- [ABOUT THIS TASK] Only one stretch of the listing below is wanted. Give it again exactly, from the line with "ECM Terminal LayoutCONNECTOR (C94-1)" through the line with "Unknown age or".

- [GIVEN RECORDS]

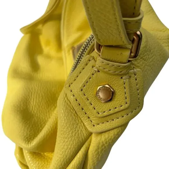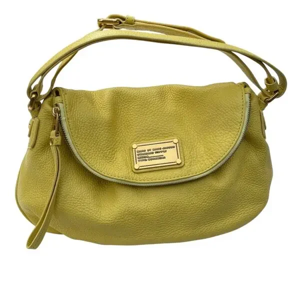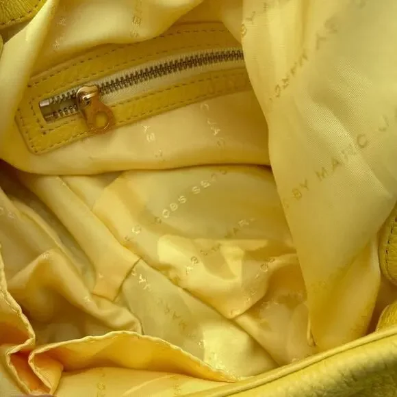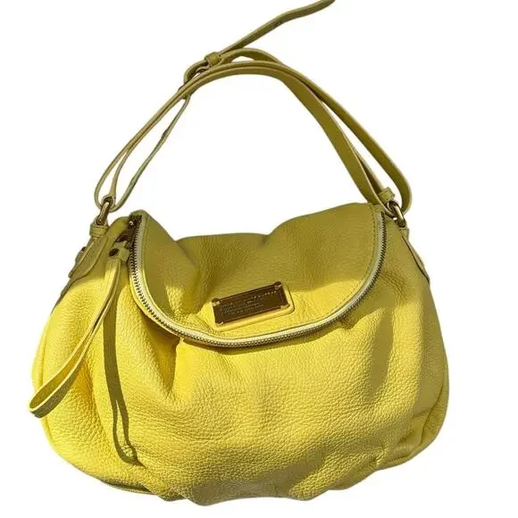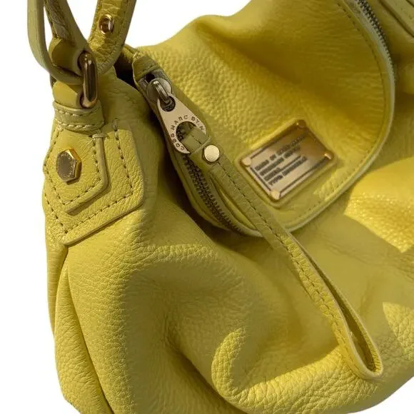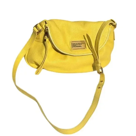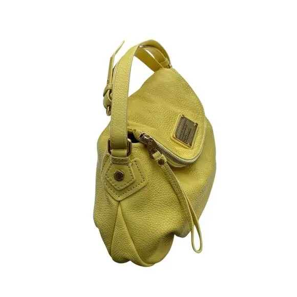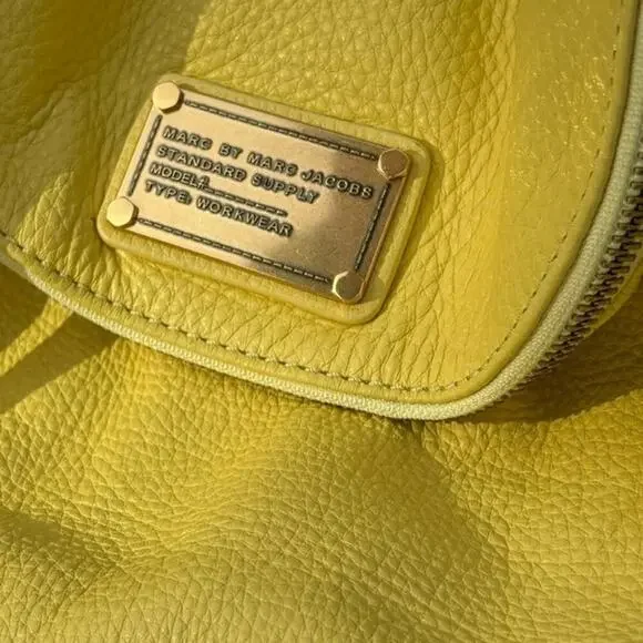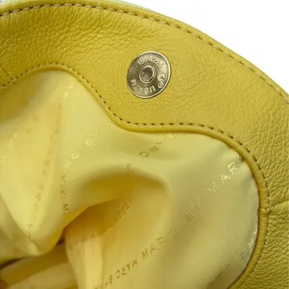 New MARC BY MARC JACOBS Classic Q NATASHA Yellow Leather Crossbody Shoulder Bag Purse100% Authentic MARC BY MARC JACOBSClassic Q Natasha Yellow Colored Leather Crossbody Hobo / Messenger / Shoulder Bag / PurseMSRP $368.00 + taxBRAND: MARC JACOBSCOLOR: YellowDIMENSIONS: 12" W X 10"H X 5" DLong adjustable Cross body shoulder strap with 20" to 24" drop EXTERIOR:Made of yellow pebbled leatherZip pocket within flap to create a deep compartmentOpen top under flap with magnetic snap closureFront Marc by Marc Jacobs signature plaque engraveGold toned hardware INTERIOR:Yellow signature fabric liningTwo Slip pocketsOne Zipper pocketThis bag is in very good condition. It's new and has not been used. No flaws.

---

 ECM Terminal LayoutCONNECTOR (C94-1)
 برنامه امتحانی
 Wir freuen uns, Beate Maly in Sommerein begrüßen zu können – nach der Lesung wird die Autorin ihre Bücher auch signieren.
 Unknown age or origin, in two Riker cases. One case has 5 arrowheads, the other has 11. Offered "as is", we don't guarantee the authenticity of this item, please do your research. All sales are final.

--

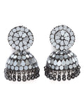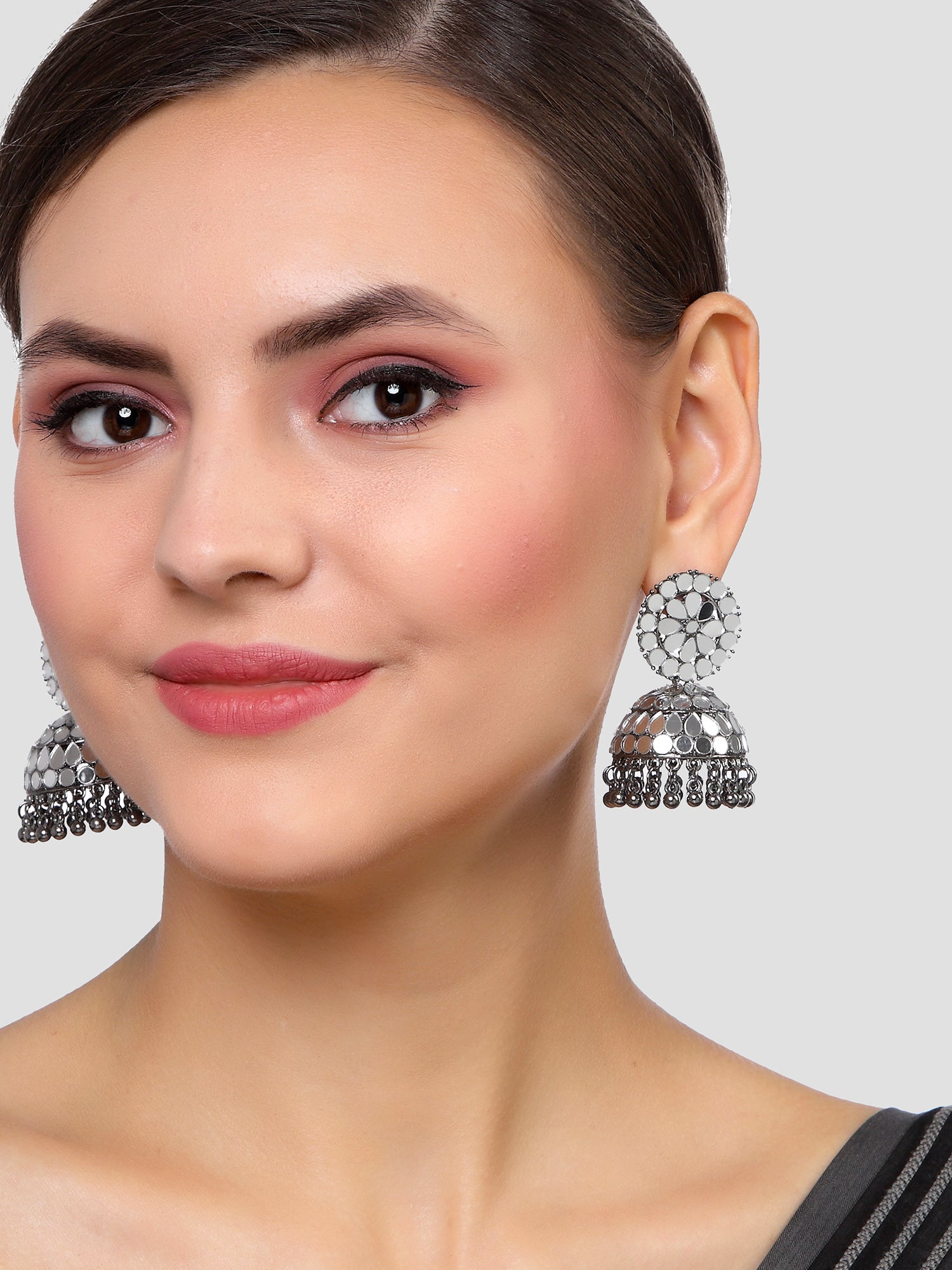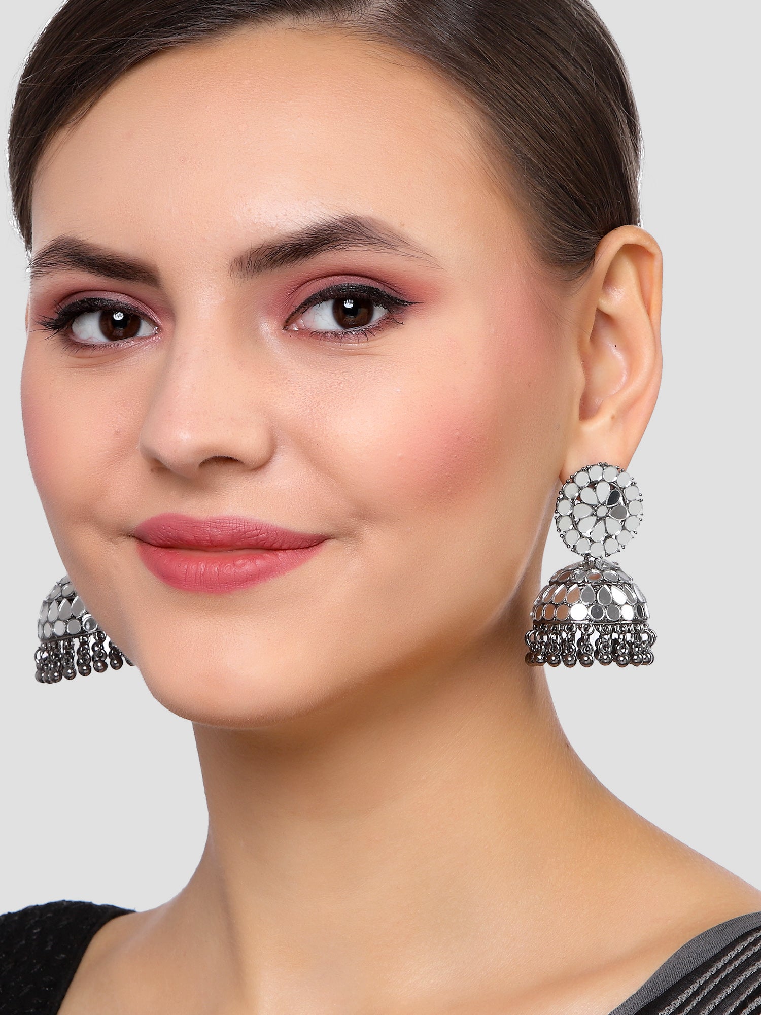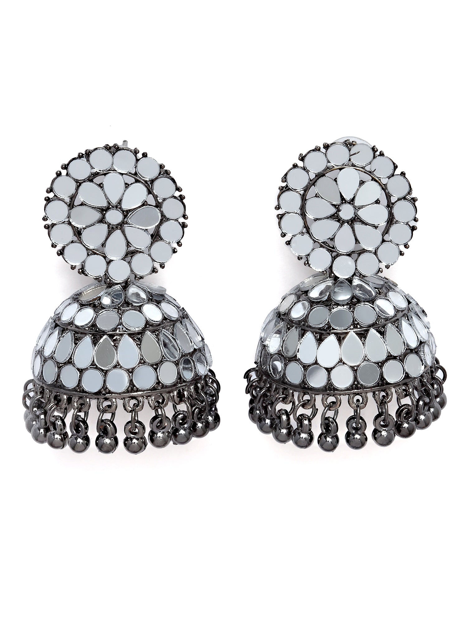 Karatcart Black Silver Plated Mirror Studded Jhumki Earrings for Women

- [RESPONSE TO THE TASK]
 ECM Terminal LayoutCONNECTOR (C94-1)
 برنامه امتحانی
 Wir freuen uns, Beate Maly in Sommerein begrüßen zu können – nach der Lesung wird die Autorin ihre Bücher auch signieren.
 Unknown age or origin, in two Riker cases. One case has 5 arrowheads, the other has 11. Offered "as is", we don't guarantee the authenticity of this item, please do your research. All sales are final.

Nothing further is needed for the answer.